**Task details**
Only the lines from the one containing "(인천=포커스뉴스) 강호인 국토교통부장관이" through the end of the records should be retyped, exactly and including both ends; pictures stay out.

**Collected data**
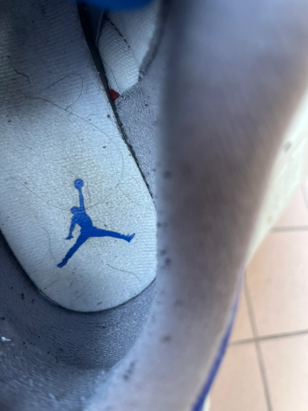 White leather Air Jordan 3 Retro sneakers with blue and grey accents. These shoes feature a Jumpman logo on the insole and outsole. Size US 9.5.
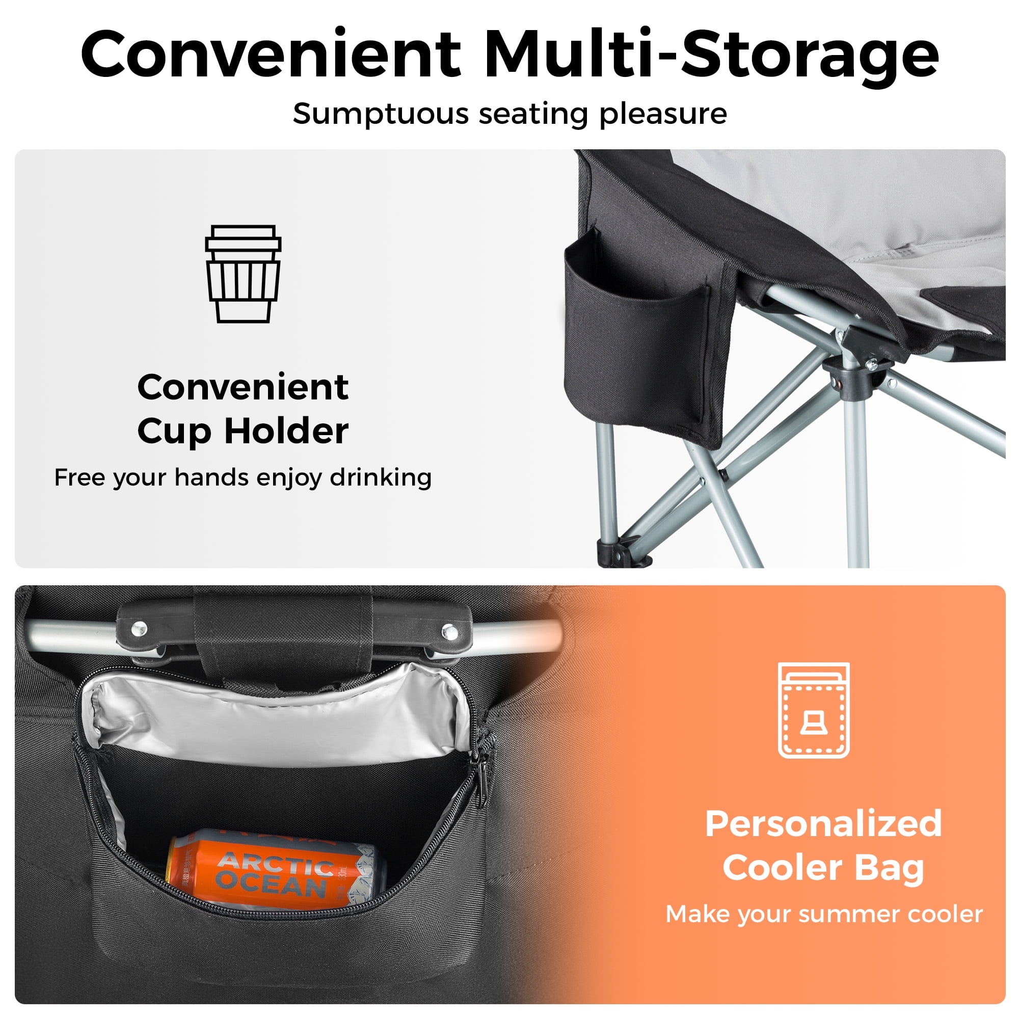 【Versatile & Convenient Features】Equipped with a cup holder and a cooler bag, this multipurpose outdoor chair is perfect for camping, fishing, sporting events, or relaxing in your garden or yard. The thoughtful design of the camp chair enhances your outdoor experience, keeping your drinks within reach while you unwind, this versatile folding chair is designed for all your outdoor and leisure needs.
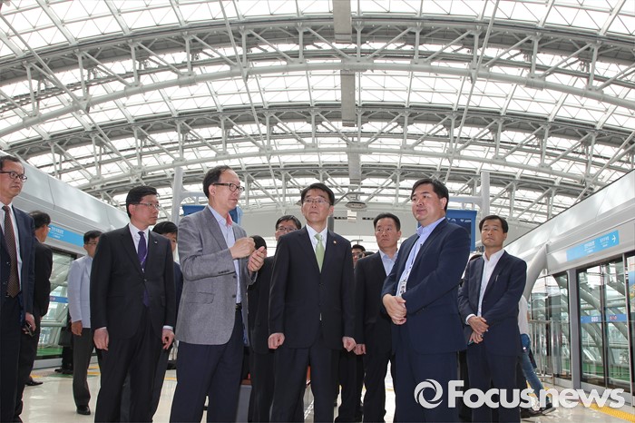 (인천=포커스뉴스) 강호인 국토교통부장관이 25일 오후 인천 경제자유구역 스마트 도시 센터를 방문 인천공항 자기부상철도를 점검하고 있다. <사진제공=국토교통부>
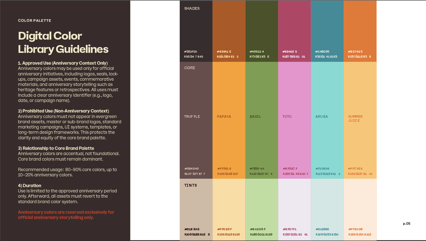 I was asked to put together an 80th Anniversary Tupperware Brand Guidelines document to help guide sales and internal design teams through usage and market deployment.
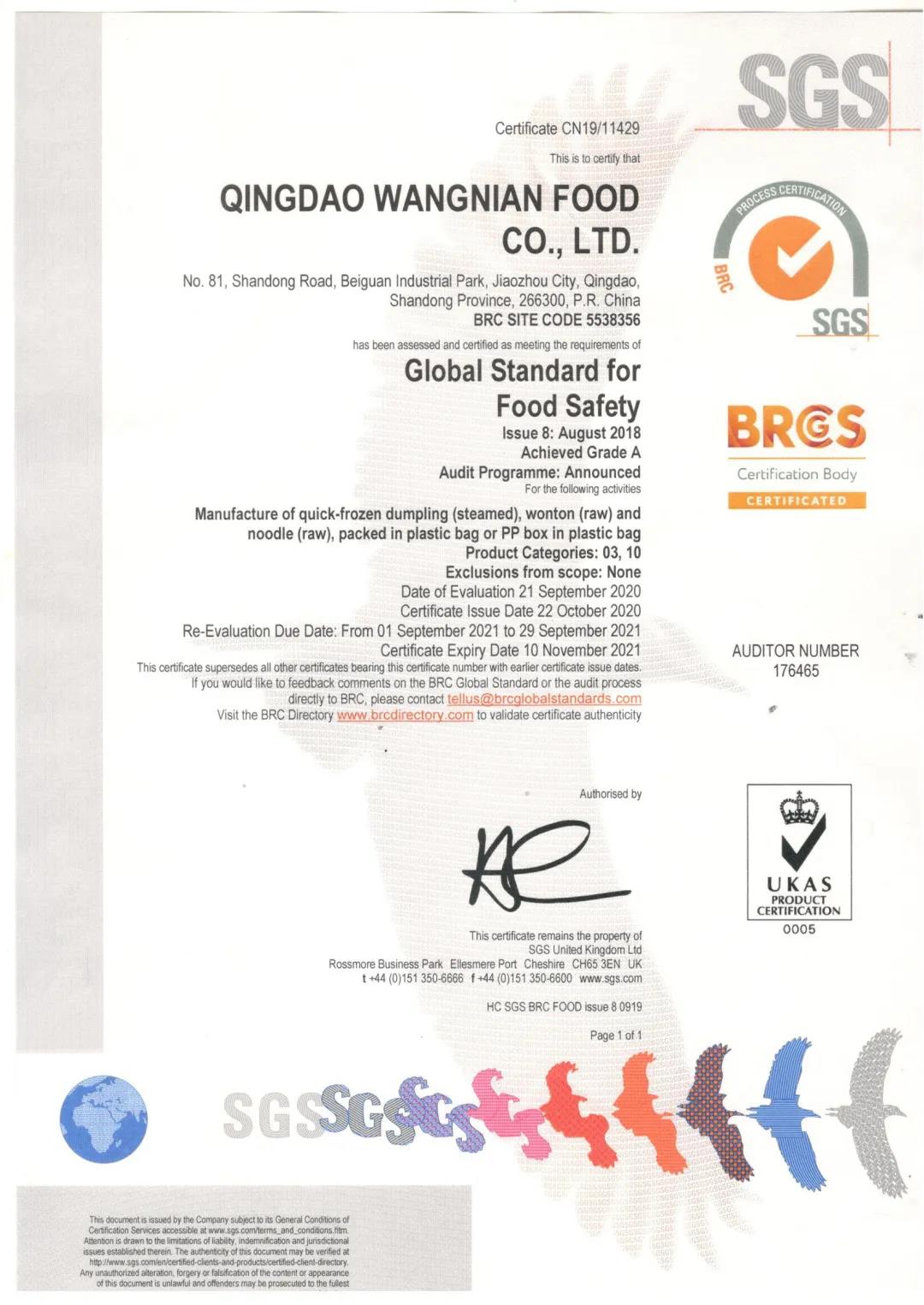 青島旺年食品有限公司BRC認證A級證書

**Written solution**
 (인천=포커스뉴스) 강호인 국토교통부장관이 25일 오후 인천 경제자유구역 스마트 도시 센터를 방문 인천공항 자기부상철도를 점검하고 있다. <사진제공=국토교통부>
 I was asked to put together an 80th Anniversary Tupperware Brand Guidelines document to help guide sales and internal design teams through usage and market deployment.
 青島旺年食品有限公司BRC認證A級證書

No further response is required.